Swim to the surface as quickly as possible. Push off the car and swim to the surface. If you don’t know which way to swim, look for light and swim toward it, or follow any bubbles you see as they will be going up. Be aware of your surroundings as you swim and surface; you may have to deal with a strong current or obstacles such as rocks, concrete bridge supports, or even passing boats. If it's ice-covered water, you'll need to head for the obvious hole created by the car's impact. Do your best to avoid injuring yourself on obstacles, and use branches, supports, and other items to cling to if you're injured or exhausted.
Tip: If you get disoriented while escaping from the vehicle, just follow the air bubbles. The air bubbles rise to the surface, and following them should lead you there.

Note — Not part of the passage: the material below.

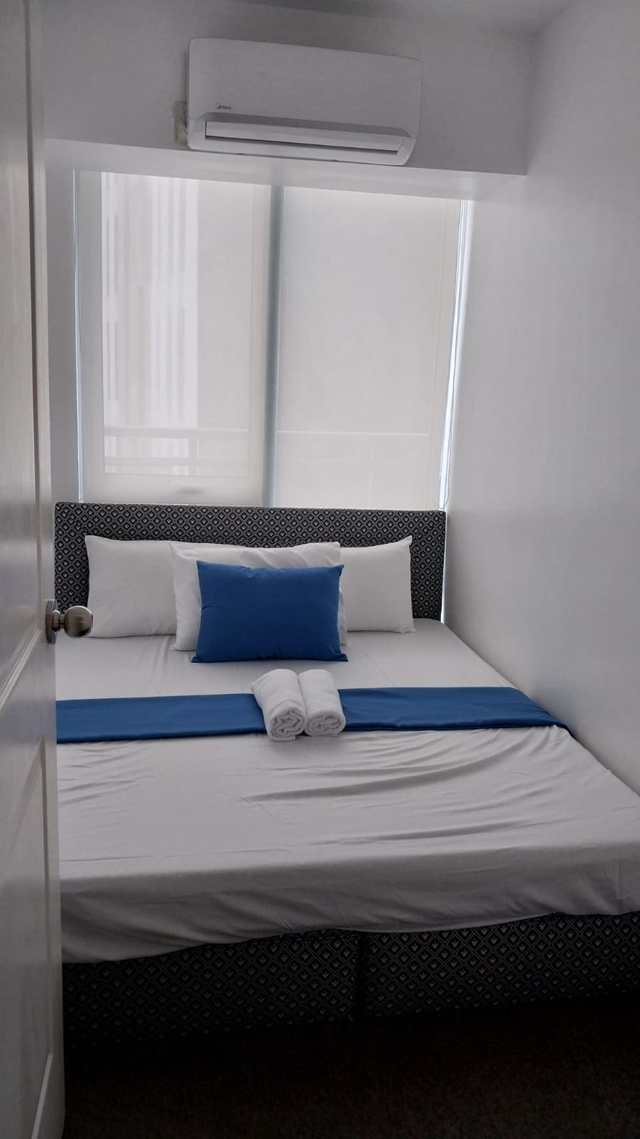 Forget your worries in this spacious and serene space. Treat yourself to a stay at this beautiful modern yet minimalist unit all to yourself with a city view balcony. Rest in a comfortable queen size bed plus an available sofa bed to enjoy. Explore the iconic man made beach among other amenities. All these in a very convenient location neighbor to SM City Bicutan Mall, and close to NAIA Airport
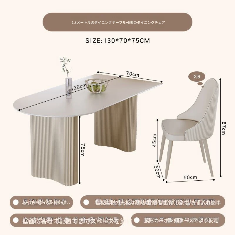 【セット】1.3メートルダイニングテーブル+6脚のダイニングチェア

Seek medical attention as soon as possible. The adrenaline in your bloodstream after the escape may make you unable to detect any injuries you may have sustained in the accident. Hail passing motorists who can call for help on their phones and provide you with warmth, comfort, and a lift to the nearest hospital.
To summarize, please refer to the instructional photo collage below:
Car accidents are scary, but finding yourself in a sinking car is a nightmare scenario. By remaining calm and following some life-saving steps, you can escape a watery grave. You should also keep in mind any children who are in the car with you and make sure they make their escape before you do.